10区の未来は森林都市(第78回2009年6月8日)

第74回(2009年4月6日)でご紹介した「森林都市構想」は大好評でした。「自然環境を守りつつ都市生活の便利さを追求する」のが基本ですから、関越と圏央道、東上線と越生線、JR八高線などの交通結節点にありながら山と緑と水が残されている、比企・入間地域の特性をいかした構想です。

以下に5つの提案を記し、2)3)4)については詳細を説明しています。

1)次世代路面電車(LRT)で熊谷・森林公園駅を結び、さらには東松山駅を経由して鴻巣まで延伸します。吉見と本川越を結ぶ川島線も続くでしょう。LRTは、すでに完成している道路に管理者(主に県)の同意を得て敷設しますから、一般の鉄道に比べて驚くほど低予算で建設可能です。LRTの成功例は富山ライトレールが知られていますが、全線を新たに敷設するのは日本初の試みとなり、路線自体が観光資源にもなりえます(第74回で解説しています)。

2)高坂サービスエリアのインター化で、鳩山・高坂・にっさいニュータウンの利便は飛躍的に向上します。これはETC専用出入口ならば全額国費で試行できますし、高速道路の無料化を前提にすれば、嵐山パーキングエリアはじめもっと多くのインター開設が可能になります。

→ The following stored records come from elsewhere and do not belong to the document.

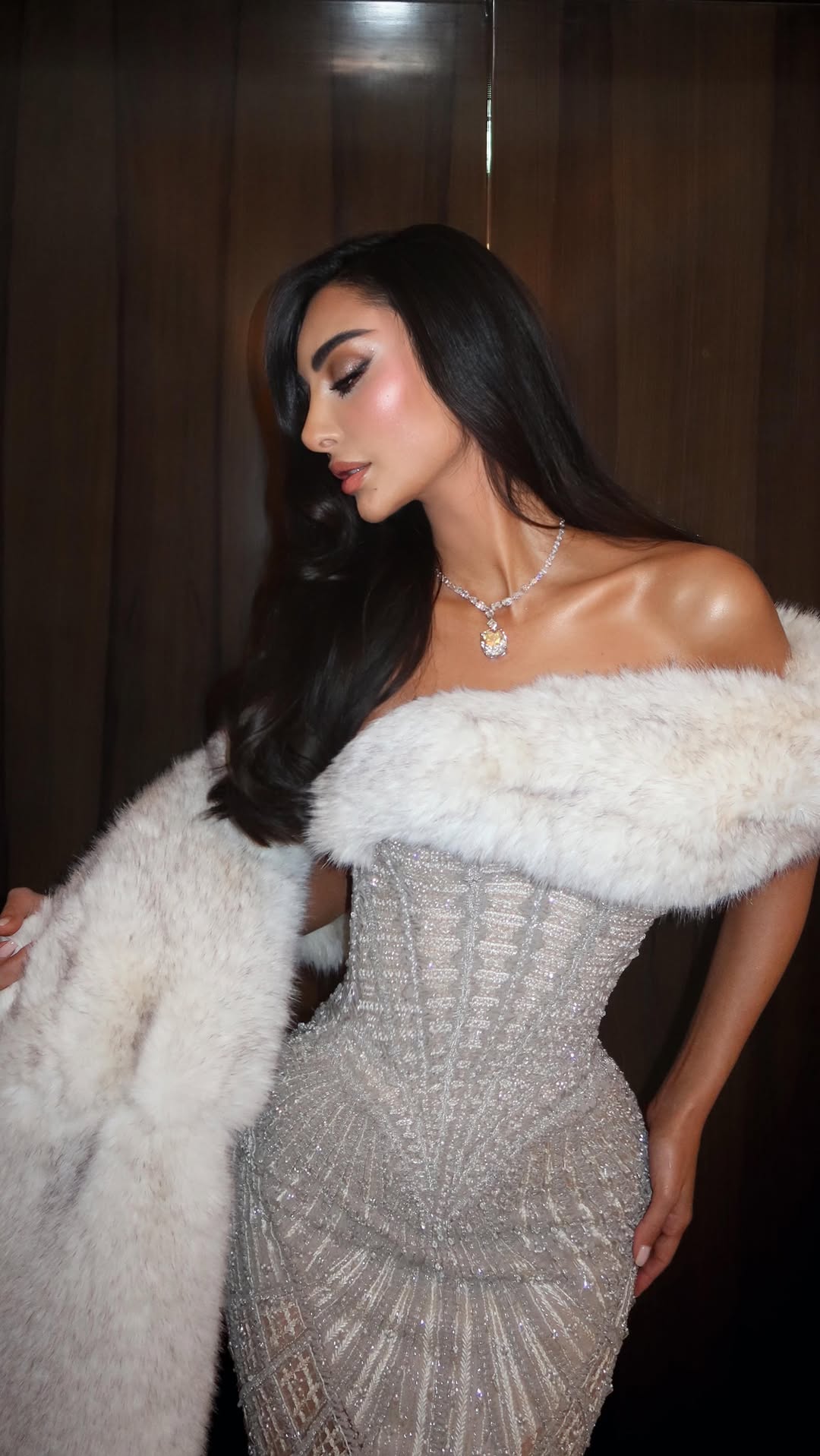 تألّقت كارن وازن، المؤثرة على السوشيل ميديا، بثوب أبيض يشبه نسج خلايا النحل، مسك الجسم بانسيابية، ومنقوش بالكريستال الفضي البراق من تصميم إيلي صعب. الإطلالة جمعت بين التقنية الدقيقة واللمعان الساحر، فبدت كارن كأنها تجسد النقاء الحديث والفخامة الهادئة في آن واحد.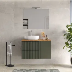 Mobile bagno sospeso 90 cm due cassetti verde selva effetto cannettato con anta e top rovere gold con specchio - Lameck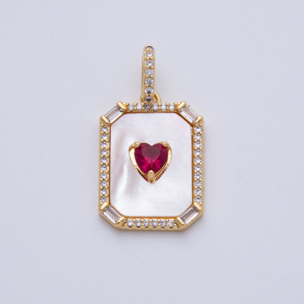 16K Gold Filled 21.5mm Red CZ Shell Pearl Rectangular Pendant | Charms-00167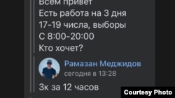 Источник Север.Реалии сообщил, что в общем чате общежития Санкт-Петербургского государственного технологического института появилось сообщение от Рамазана Меджидова, который предлагал "работу на выборах".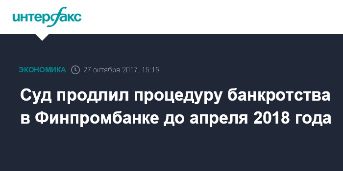 Суд продлил процедуру банкротства в Финпромбанке до апреля 2018 года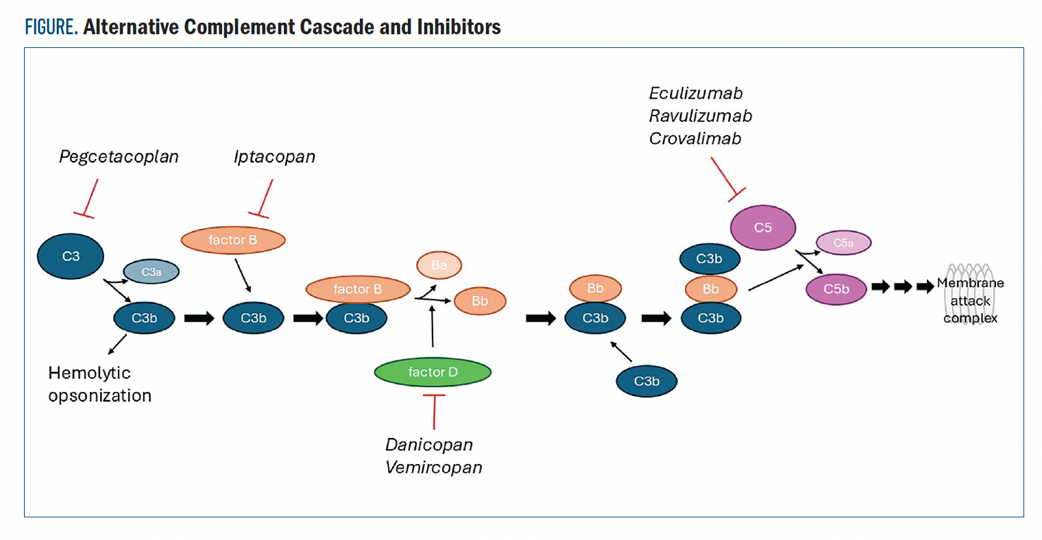 In both PNH and aHUS, overactivity in the alternative complement cascade can lead to anemia, kidney damage, and other systemic dysregulation.4,5 Several drugs have been developed targeting proteins of the alternative complement cascade to treat symptoms of PNH and aHUS (Figure). The C5 inhibitors eculizumab and ravulizumab were compared head-to-head in the 301 and 302 trials (NCT02946463 and NCT03056040, respectively).6,7 Ravulizumab demonstrated noninferiority to standard-of-care eculizumab in terms of transfusion avoidance, least-square mean (LSM) percent change in lactate dehydrogenase (LDH) levels, change in FACIT-Fatigue score, percentage of patients experiencing breakthrough hemolysis, and hemoglobin (Hgb) stabilization.

3)川越三駅を一体化し、東上線と西武新宿線を乗り入れ可能にします。現状でも本川越駅と川越市駅の南端を結べば200mなのに、乗換客は750mも歩かされています。慣らされ、諦めてしまっては理不尽は何も解決しません。

4)八高線に新駅を設置するとともに輸送力を高度化します。竹沢、小川町、明覚に加えて五明または日影に駅が必要です。わが国は鉄道王国でしたが、高度成長期に自動車中心に政策転換してしまいました。しかし、エコ意識が高まり高齢化も進む中、ふたたび軌道交通への移行(モーダルシフト)が見直されているのです。

いずれも既存の公共インフラ(道路・鉄道・駅)を最大限に利用することで、なるべく環境を破壊せず、工事も簡略化して予算を効率的に使う考え方です。しかし、何といっても「森林都市構想」を象徴する最も簡単な方法は、5)「東武東上線」の「森林都市線」への改称です。沿線イメージを一言で表現するこの変更によって、地域活性化の経済効果は計り知れないものがあります。